* **About this task**
Please write out exactly the lines of the data below from the line holding "OWA Armor cartouche" through the line holding "ご紹介した対象メニュー1品の", and leave out the rest.

* **Material to process**
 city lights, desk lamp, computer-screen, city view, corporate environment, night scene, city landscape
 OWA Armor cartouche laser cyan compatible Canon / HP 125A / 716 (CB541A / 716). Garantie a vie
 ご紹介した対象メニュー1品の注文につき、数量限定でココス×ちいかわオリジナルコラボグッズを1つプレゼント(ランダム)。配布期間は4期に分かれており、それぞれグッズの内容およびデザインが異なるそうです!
* * *
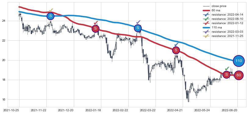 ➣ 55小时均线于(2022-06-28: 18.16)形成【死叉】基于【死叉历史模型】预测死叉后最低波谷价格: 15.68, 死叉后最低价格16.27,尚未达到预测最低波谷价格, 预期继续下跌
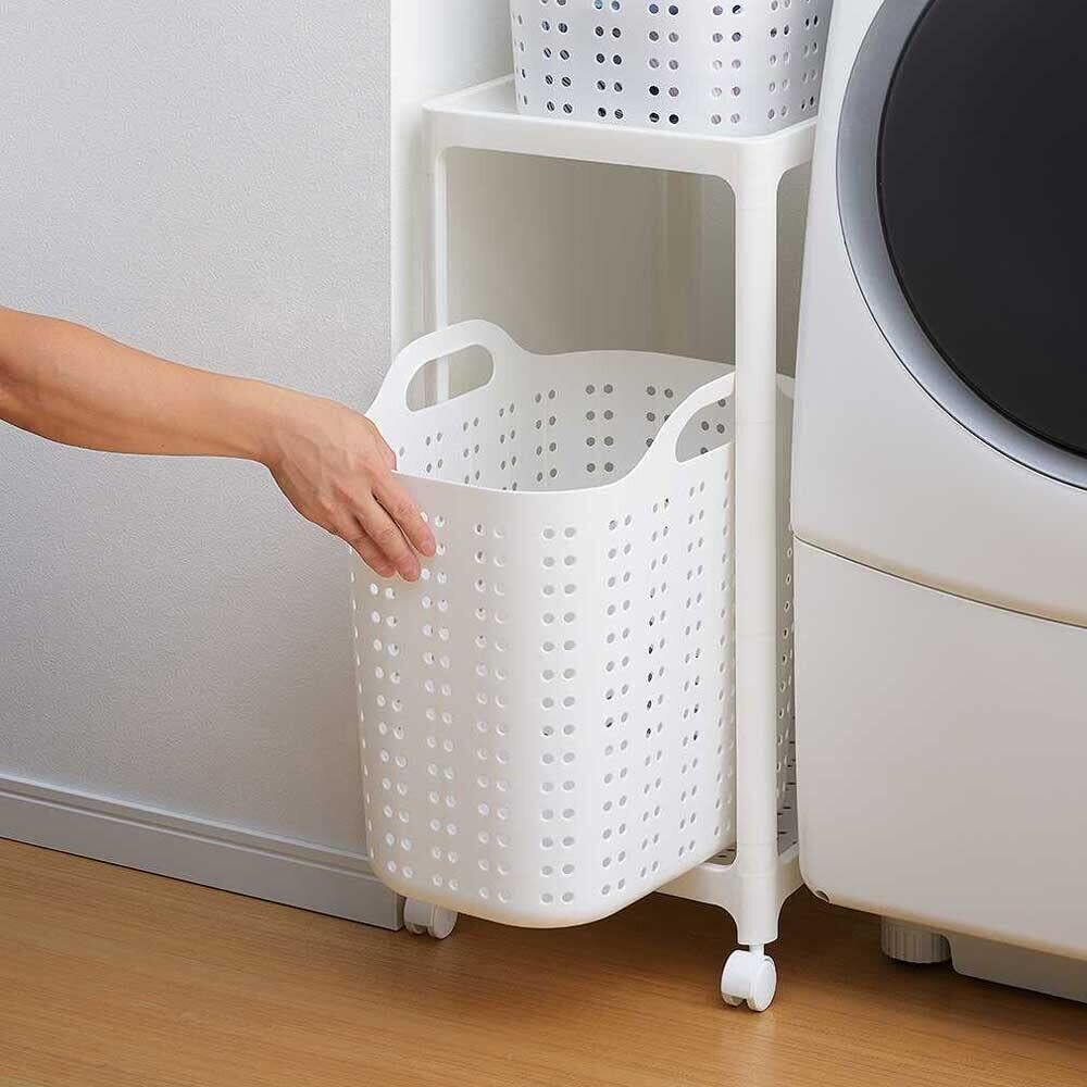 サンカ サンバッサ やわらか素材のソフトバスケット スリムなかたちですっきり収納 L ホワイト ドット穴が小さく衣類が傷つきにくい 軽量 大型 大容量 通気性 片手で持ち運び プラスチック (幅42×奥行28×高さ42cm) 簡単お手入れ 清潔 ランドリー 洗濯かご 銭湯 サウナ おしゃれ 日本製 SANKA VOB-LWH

* **Solution to this exercise**
 OWA Armor cartouche laser cyan compatible Canon / HP 125A / 716 (CB541A / 716). Garantie a vie
 ご紹介した対象メニュー1品の注文につき、数量限定でココス×ちいかわオリジナルコラボグッズを1つプレゼント(ランダム)。配布期間は4期に分かれており、それぞれグッズの内容およびデザインが異なるそうです!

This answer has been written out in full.